Technical Specifications

The following document outlines the software versions and overhead NGINX Service Mesh uses while running.

Software Versions

NGINX Service Mesh requires Kubernetes version 1.16 or newer.

The following table lists the software versions NGINX Service Mesh uses by default.

NGINX Service Mesh Version NGINX Plus (sidecar) Spire Version NATS Prometheus Grafana * Jaeger (Default) * Zipkin *
v1.0 R23 0.12.1 nats:2.1.8-alpine3.11 prom/prometheus:v2.20.1 grafana/grafana:7.5.3 jaegertracing/all-in-one:1.19.2 openzipkin/zipkin:2.21

* - Software not required by NGINX Service Mesh. See Monitoring and Tracing for details on disabling.

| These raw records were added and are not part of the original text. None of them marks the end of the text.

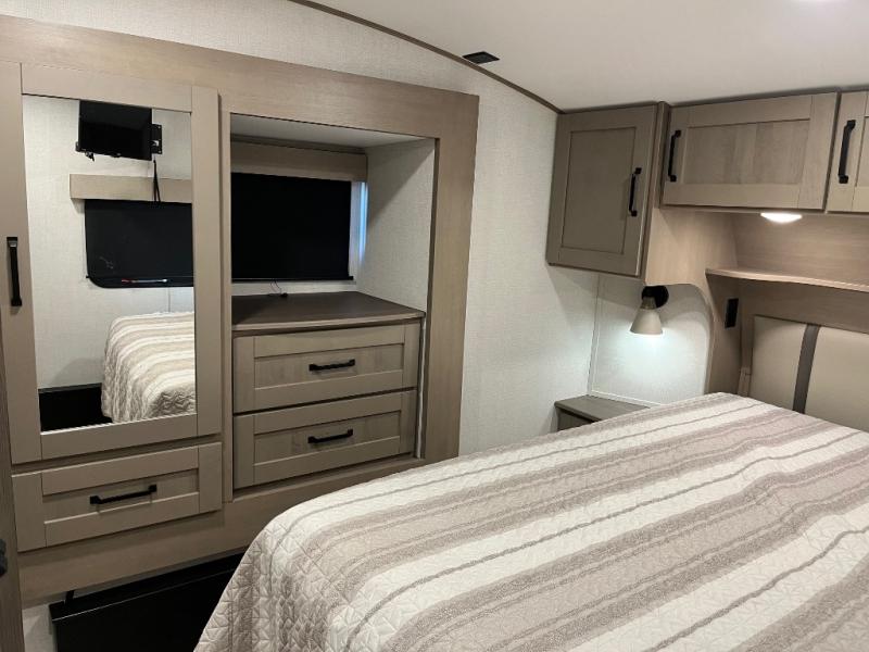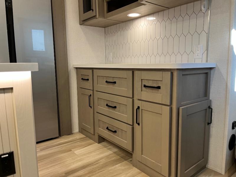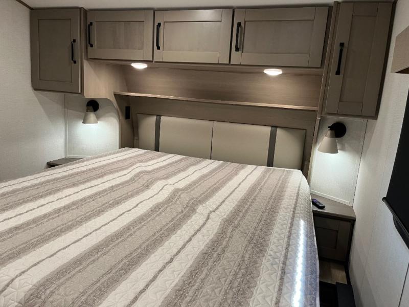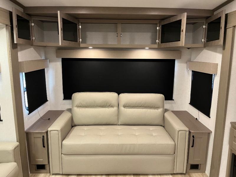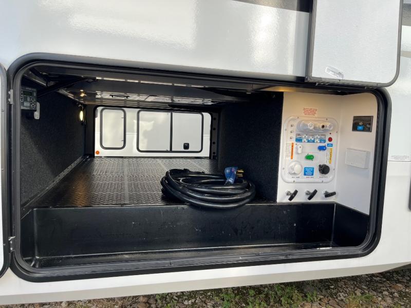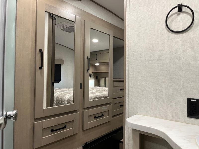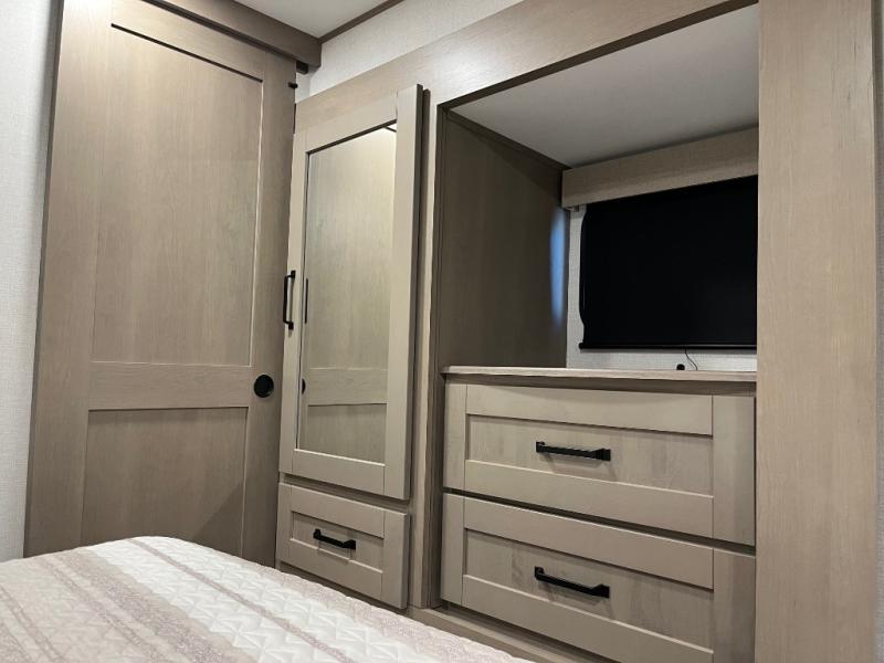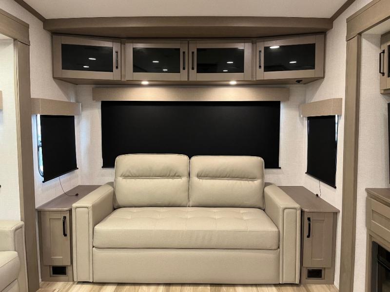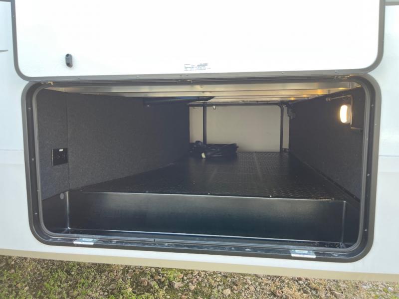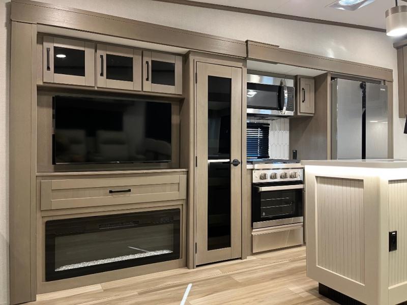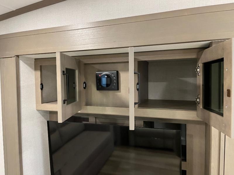 Whether you travel for pleasure or work, you will love the spacious main living and kitchen area with a rear tri-fold sofa that doubles as extra sleeping space, and the theater seating directly across from the entertainment center with a 40" LED HDTV and a fireplace below. The kitchen island will make meal prepping and drying the dishes easier and the hutch is the perfect place to place your picture frames, nice dishes, and extra cooking items. There is even a pantry that is big enough to store all of your favorite snacks, dry ingredients and such. Outside you can enjoy two electric awnings that provide protection from the elements as you relax and visit with other RVers, and your camping chairs can easily be stored in the pass-through compartment. The double entry bathroom is convenient especially at night when you can slide the door to enter from the front master bedroom. You will find plenty of storage for your clothing and gear, plus the bedroom slide out gives you drawers and linen storage that stretches into the full bathroom.
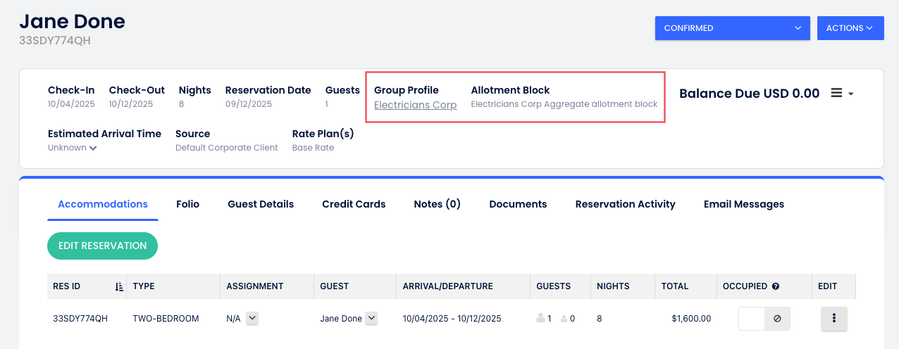 • Rezervasyon oluşturma – Yeni bir rezervasyona başladığında, Grup Profili bu özellik etkinleştirilerek oluşturulduysa, Kontenjan Bloğu açılır menüsünde her zaman Kontenjan Bloğu Toplamı görünür.
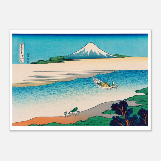 Tama River in Musashi Province (武州玉川, Bushū Tamagawa) is a Japanese woodblock print by Japanese ukiyo-e artist Katsushika Hokusai . This work captures a peaceful moment along the Tama River, with Mount Fuji looming in the distance. The still waters and the figures of fishermen in the foreground create a scene of serenity, where nature seems to gently dominate human life.
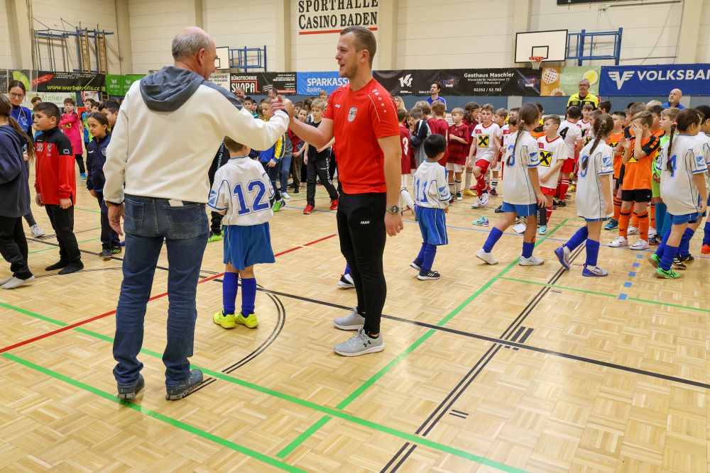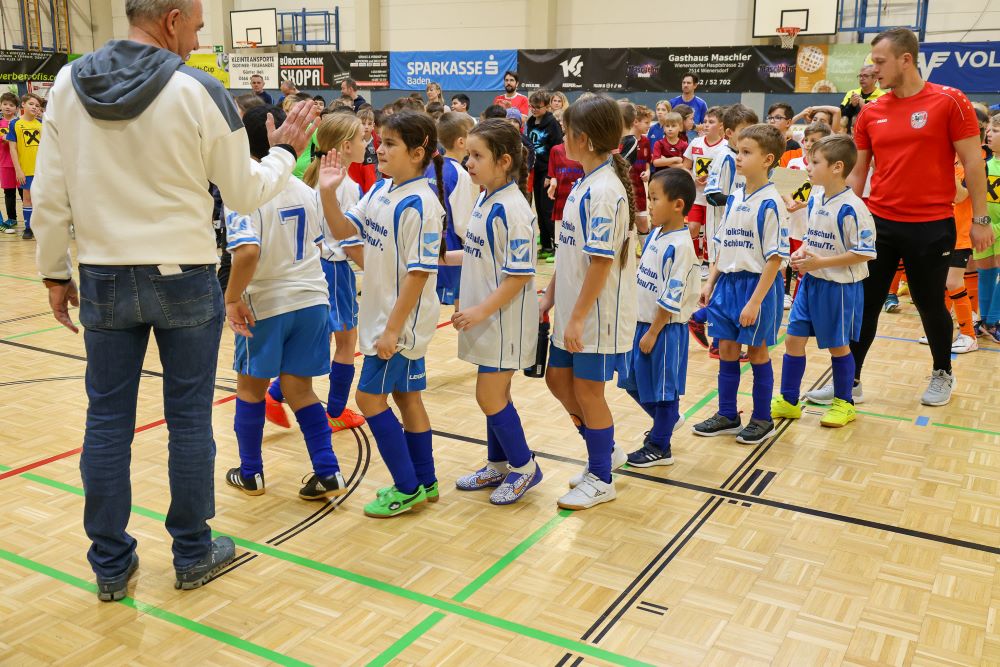 Auch heuer war unsere Schule beim Sumsi-Erima-Fußballcup für Volksschulen in der Sporthalle Baden vertreten. Aufgrund von Krankheit konnten einige Kinder leider nicht mitspielen. Unsere junge Mannschaft trat mit 10 Spielern an. Angefeuert von einige Eltern erreichten die Kinder höchstmotiviert schlussendlich den 10 Platz. Danke an den Trainer, Herrn Thomas Bauer, für die Vorbereitung der Mannschaft und das Coaching während des Turnieres. Der Elternverein, in Vertretung von Obfrau Nicole Lüsebrink, sorgte für das leibliche Wohl unserer Spieler und Spielerinnen – herzlichen Dank auch dafür!
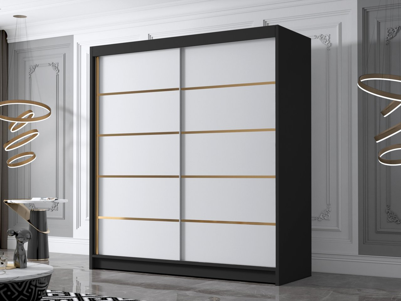 Táto posuvná skriňa kombinuje moderný dizajn s praktickosťou, ideálna pre každú miestnosť. Vyrobená z laminátu s hrúbkou 16 mm, zaručuje pevnosť a odolnosť. Jej jedinečný posuvný otvárací systém LAGUNA na dolnej kolajnici umožňuje plynulé a tiché otváranie. Skriňa má dvoje dvere, pozdĺžne rukoväte pre elegantný vzhľad a PVC lemovanie pre zvýšenú odolnosť. Namiesto tradičných nôh sú použité klzáky, ktoré uľahčujú pohyb a umiestnenie skrine.
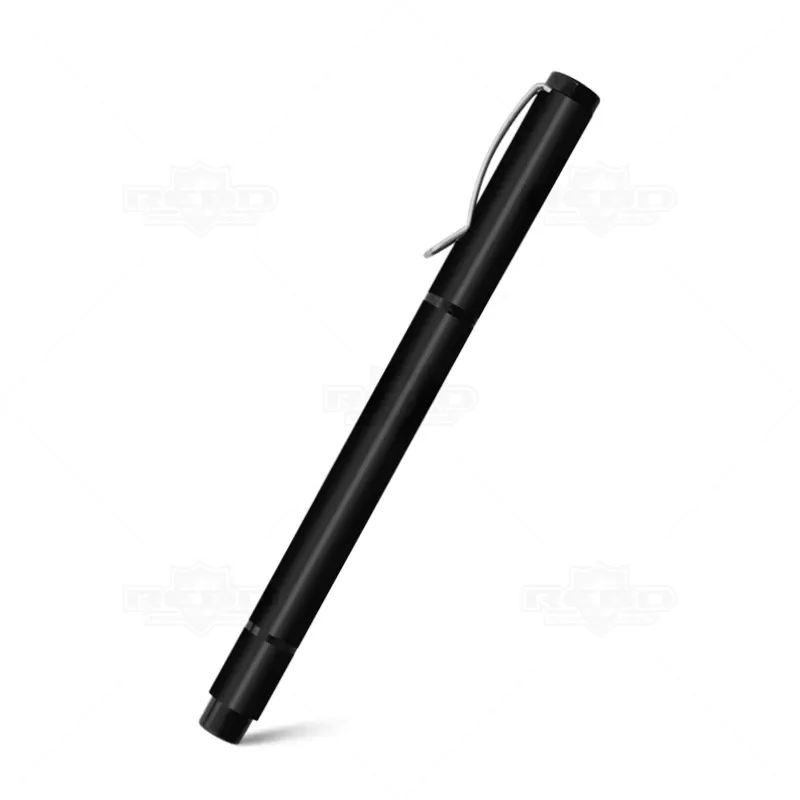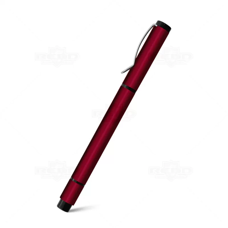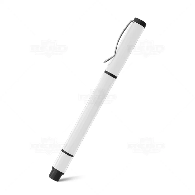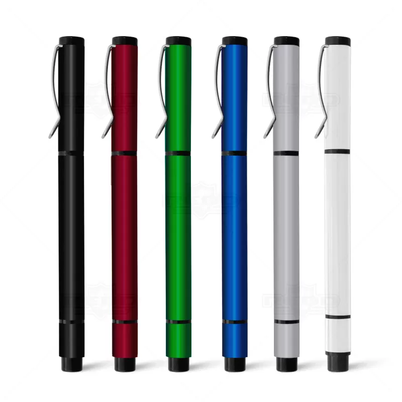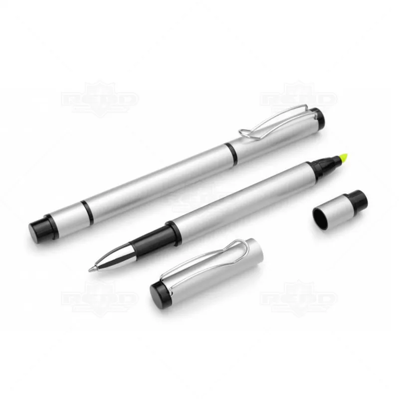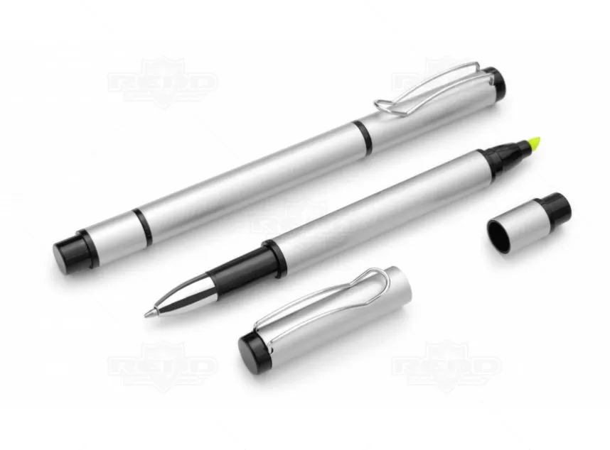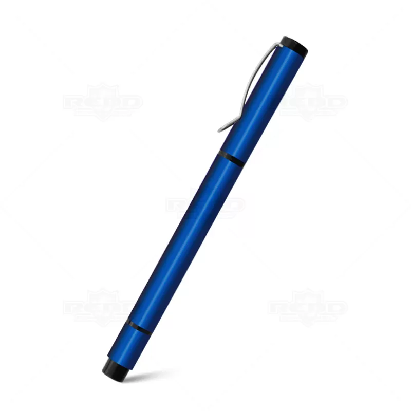 Caneta de metal personalizada com esferográfica na cor azul, clip de metal e marca texto na parte superior da caneta com tampa destacável. Ideal para divulgar sua empresa em eventos corporativos, brindes personalizados e campanhas promocionais.
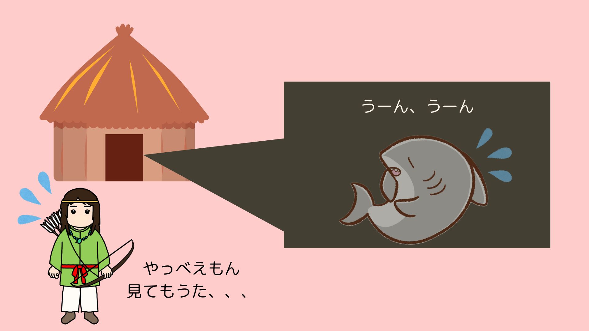 山幸は、日本の昔話の定番通り、我慢できずに扉を開けると、そこにはサメが横たわっていました。
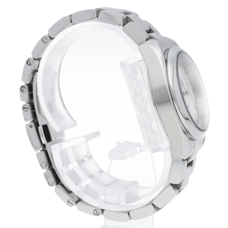 スタイリッシュな『シーマスター アクアテラ』。ホワイトマザーオブパールのダイアルのインデックスにはダイヤモンドがセッティングされ、華やかな雰囲気を演出。スポーティーながらエレガンスも感じさせる一本になっています。
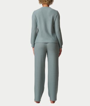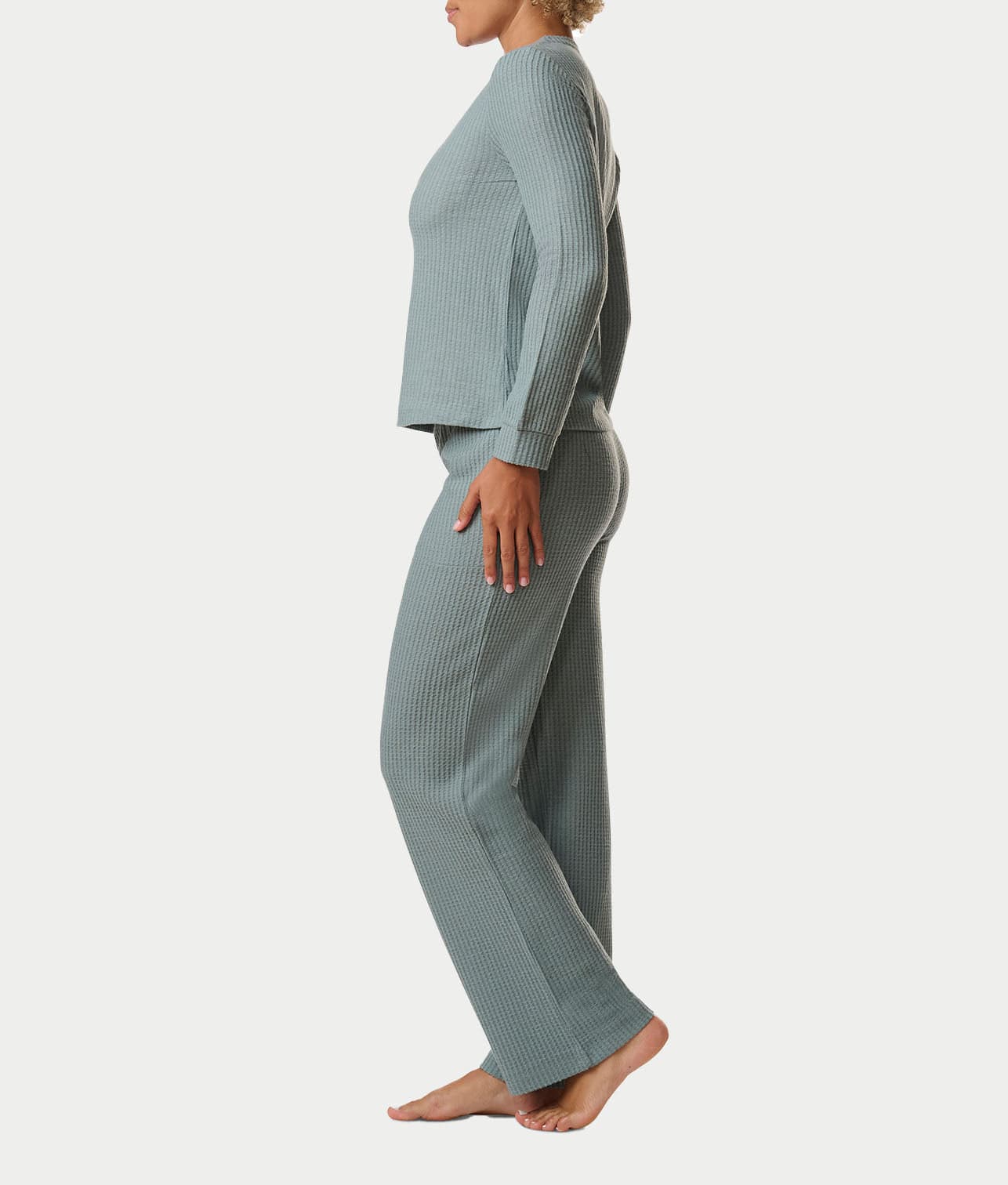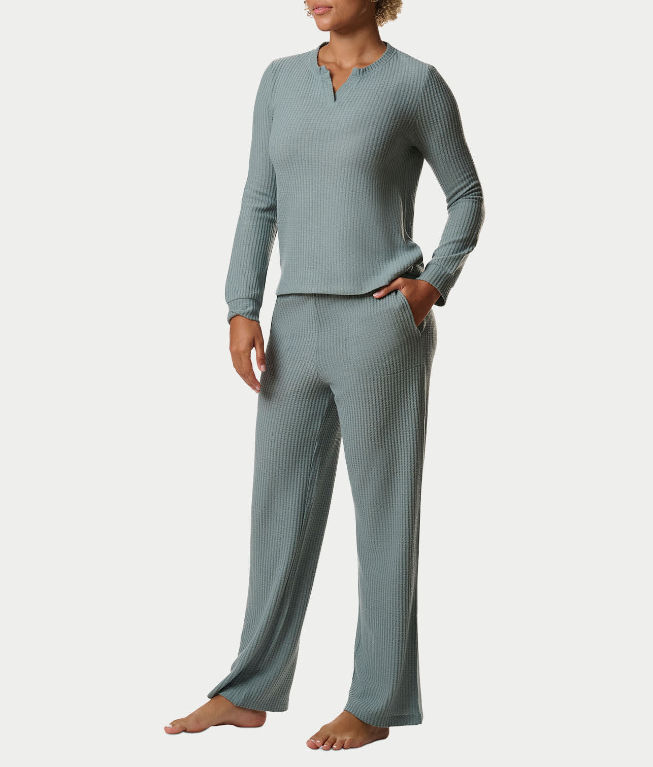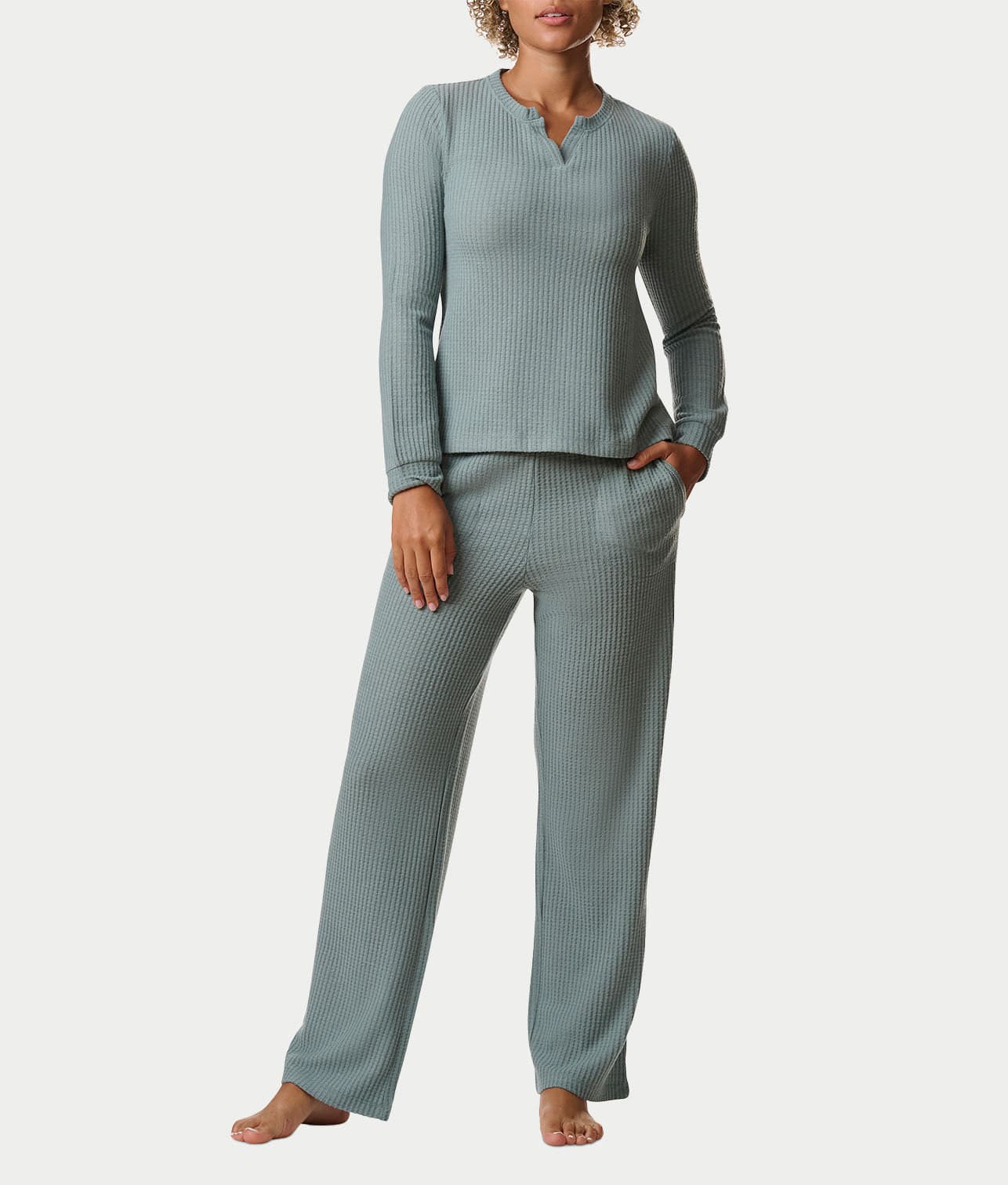 • No-dig elastic waistband on wide leg relaxed fit pants
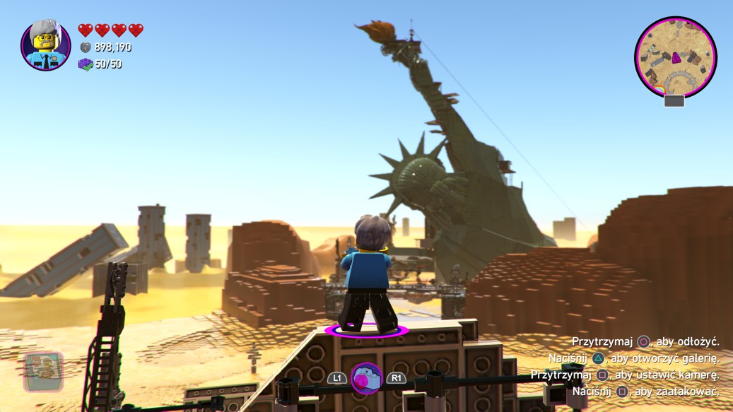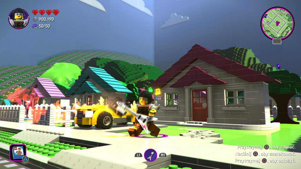 Gra jest też w pełni zlokalizowana. Kluczowe misje w grze mają pełen polski dubbing, który wykonany jest przez tych samych aktorów, których mogliśmy poznać w filmowej wersji Lego Przygody. W dodatku wszystkie samouczki mają również pełen głosowy podkład, więc gra może być w pełni obsługiwana nawet przez najmłodszych graczy. I tu pojawia się klucz całej gry. LEGO Przygoda 2 Gra Video jest raczej skierowana do najmłodszego odbiorcy. Nic w grze nie będzie stanowić dla gracza większego wyzwania. Nawet pojazdy, których jest multum są wyjątkowo wolne i nieraz szybciej jest dotrzeć do celu biegnąć niż używać samochodu.

We run a series of automated tests frequently to ensure the stability and reliability of our mesh. For small to medium deployments (less than 100 pods), we recommend a minimum cluster environment similar to the ones we use in our tests:

Environment Machine Type Number of Nodes
GKE n2-standard-4 (4 vCPU, 16GB) 3
AKS Standard_D4s_v3 (4 vCPU, 16GiB) 3
EKS t3.xlarge (4 vCPU, 16GiB) 3
AWS t3.xlarge (4 vCPU, 16GiB) 1 Control, 3 Workers

Overhead

The overhead of NGINX Service Mesh varies depending on the component in the mesh and the kinds of resources currently deployed. Because the control plane is responsible for holding the state of all managed resources, it will scale linearly with the number of resources being handled - whether those are pods, services, traffic splits, or any other resource under the lens of NGINX Service Mesh. Spire specifically watches for new workloads, which reside 1:1 in every pod deployed, thus will scale as more pods are added to the mesh.

The data plane sidecar must keep track of the other services in the mesh as well as any traffic policies that are associated with it. Therefore, the resource load will increase as a function of the number of services and traffic policies in the mesh. In an attempt to balance the stress on the cluster, we run a nightly test which flexes the most critical components of the mesh. Below are the details of this test, so you may get an idea of the overhead each component is responsible for and size your own cluster accordingly.

Stress Test Overhead

Cluster Information:

  • Environment: GKE
  • Node Type: n2-standard-4 (4 vCPU, 16GB)
  • Number of nodes: 3
  • Kubernetes Version: 1.18.16

Metrics were gathered using the Kubernetes Metrics API. CPU is calculated in terms of the number of cpu units, where one cpu is equivalent to 1 vCPU/Core. For more information on the metrics API and how the data is recorded, see The Metrics API documentation.

CPU

Num Services Control Plane (without metrics and tracing) Control Plane Total Average Sidecar
10 (20 pods) CPU: 0.075 vCPU CPU: 0.095 vCPU CPU: 0.033 vCPU
50 (100 pods) CPU: 0.097 vCPU CPU: 0.431 vCPU CPU: 0.075 vCPU
100 (200 pods) CPU: 0.148 vCPU CPU: 0.233 vCPU CPU: 0.050 vCPU

Memory

Num Services Control Plane (without metrics and tracing) Control Plane Total Average Sidecar
10 (20 pods) Memory: 168.766 MiB Memory: 767.500 MiB Memory: 33.380 MiB
50 (100 pods) Memory: 215.289 MiB Memory: 2347.258 MiB Memory: 38.542 MiB
100 (200 pods) Memory: 272.305 MiB Memory: 4973.992 MiB Memory: 52.946 MiB

Disk Usage

Spire uses a persistent volume to make restarts more seamless. NGINX Service Mesh automatically allocates a 1 Gibibyte persistent volume in supported environments (see our Persistent Storage setup page for environment requirements). Below is the information on the disk usage within that volume. Note the the number of pods are used in this metric because disk usage scales directly with the number of pods in the mesh.

Num Pods Disk Usage
20 4.2 MB
100 4.3 MB
200 4.6 MB